**PROBLEM:** Your task is to output the listing exactly, leaving every image out.

**SOURCE MATERIAL:**
____
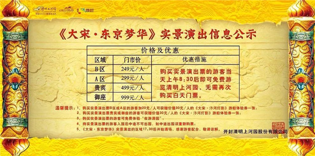 這是一場(chǎng)700多名演員參與的震撼巨作,這是一次聲光電融合的視覺(jué)盛宴,更是一個(gè)能夠穿越時(shí)空之旅的時(shí)光隧道。2019賀歲版《大宋·東京夢(mèng)華》于大年初一正式亮相,購(gòu)《大宋·東京夢(mèng)華》票,早上8:30即可入園,無(wú)需再次購(gòu)買(mǎi)白天門(mén)票。
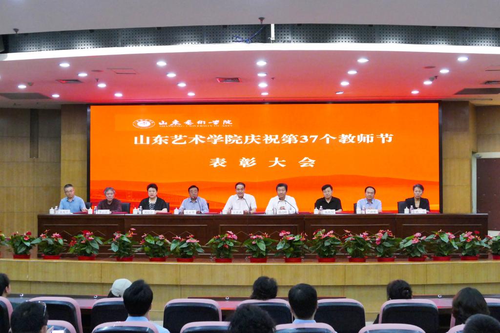 王洪禹代表学校党委向辛勤耕耘在教学、科研、管理、服务各岗位的全体教职员工致以节日的问候和崇高的敬意。他指出,山东艺术学院素有尊师重教的优良传统,学校63年的发展历程中涌现出许多德艺双馨的教师典范。今年学校制定《山东艺术学院关于荣誉体系建设的若干规定》,隆重举办教师节表彰大会,首次评选表彰“四有”好老师、干事创业优秀工作者,就是为了进一步营造尊师重教的良好校园生态,引导广大教师切实落实立德树人根本任务,激发广大教师的荣誉感、获得感,增强向心力和凝聚力,引导师生员工时刻坚守理想信念,筑牢师德师魂,贡献学校发展,促进学生成才,让尊师重教成为校园最美的风尚。
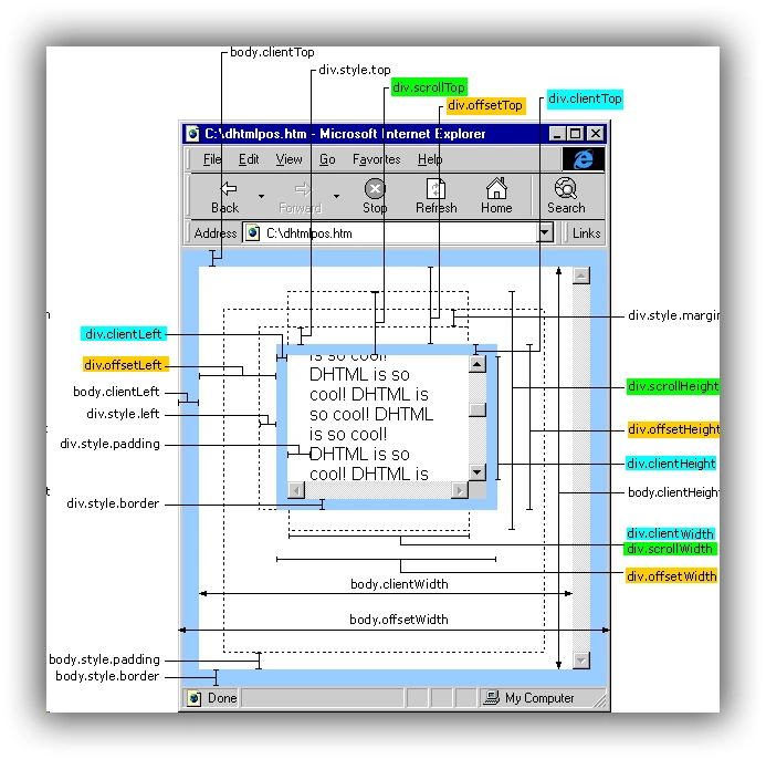 这次我们要讲的 offset、scroll、client 就是出自“ document 家”。先配两张图来看看这三个到底是什么
____
**EXERCISE RESULT:**
 這是一場(chǎng)700多名演員參與的震撼巨作,這是一次聲光電融合的視覺(jué)盛宴,更是一個(gè)能夠穿越時(shí)空之旅的時(shí)光隧道。2019賀歲版《大宋·東京夢(mèng)華》于大年初一正式亮相,購(gòu)《大宋·東京夢(mèng)華》票,早上8:30即可入園,無(wú)需再次購(gòu)買(mǎi)白天門(mén)票。
 王洪禹代表学校党委向辛勤耕耘在教学、科研、管理、服务各岗位的全体教职员工致以节日的问候和崇高的敬意。他指出,山东艺术学院素有尊师重教的优良传统,学校63年的发展历程中涌现出许多德艺双馨的教师典范。今年学校制定《山东艺术学院关于荣誉体系建设的若干规定》,隆重举办教师节表彰大会,首次评选表彰“四有”好老师、干事创业优秀工作者,就是为了进一步营造尊师重教的良好校园生态,引导广大教师切实落实立德树人根本任务,激发广大教师的荣誉感、获得感,增强向心力和凝聚力,引导师生员工时刻坚守理想信念,筑牢师德师魂,贡献学校发展,促进学生成才,让尊师重教成为校园最美的风尚。
 这次我们要讲的 offset、scroll、client 就是出自“ document 家”。先配两张图来看看这三个到底是什么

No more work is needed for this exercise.